They are the moment they come loose from the lathe, which is the issue at hand. As long as they stay attached, they are not falling objects, and therefore not relevant to the discussion.

Yes, and that's one of the points I was making -- the force imparted to them by the lathe is, in most circumstances, of greater magnitude than that imparted by gravity.

If balanced, sure -- but what if something *breaks*? Then, it's no longer balanced -- and the direction that broken-off piece moves depends on the direction it was moving when it came free, and has *nothing* to do with its mass.
Also note that a perfectly balanced lightweight piece that simply comes loose will drop straight down, too, just like a perfectly balanced heavy one that simply comes loose.
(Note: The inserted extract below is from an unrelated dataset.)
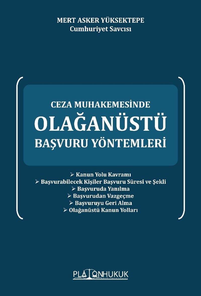 “Ceza Muhakemesinde Olağanüstü Başvuru Yöntemleri” ile ilgili hazırladığım bu eserin birinci baskısını uygulamada karşımıza çıkan sorunların aşılmasına yardımcı olacağı düşüncesi ile sizlerin beğenisine sunmanın mutluluğunu yaşıyorum.
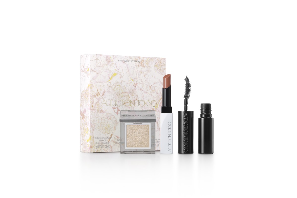 “スター カラー キット マリアージュ”は、濡れたように輝くシャンパンベージュのスパークルカラー“ザ シングル アイシャドウ 002SP マリアージュ”に、艶を与えながら唇をコーラルベージュに彩るティントリップバーム“ザ リップバーム グロウティント 002 ハートシェイカー”と、ミニサイズの“ザ マスカラ インテンス ラッシュ 004 ウルトラ ブラック”がセット。どちらもスタイリッシュなスモークカラーのアイシャドウケースに収めた、光と彩りのレイヤーを楽しめる。

The behavior of falling objects in a gravity field is completely independent of their mass (except to the extent that objects with very low *density* will fall more slowly due to aerodynamic effects). In vacuum, a feather and a stone fall at the same rate -- and even in air, there is no difference discenible without the use of laboratory equipment between the velocity of falling stones of, say, 1 kg and 10 kg, when dropped from the same height.
Whether a chunk of wood that comes loose from a lathe goes up, down, or sideways has NOTHING to do with its mass.
--
Regards,
Doug Miller (alphageek at milmac dot com)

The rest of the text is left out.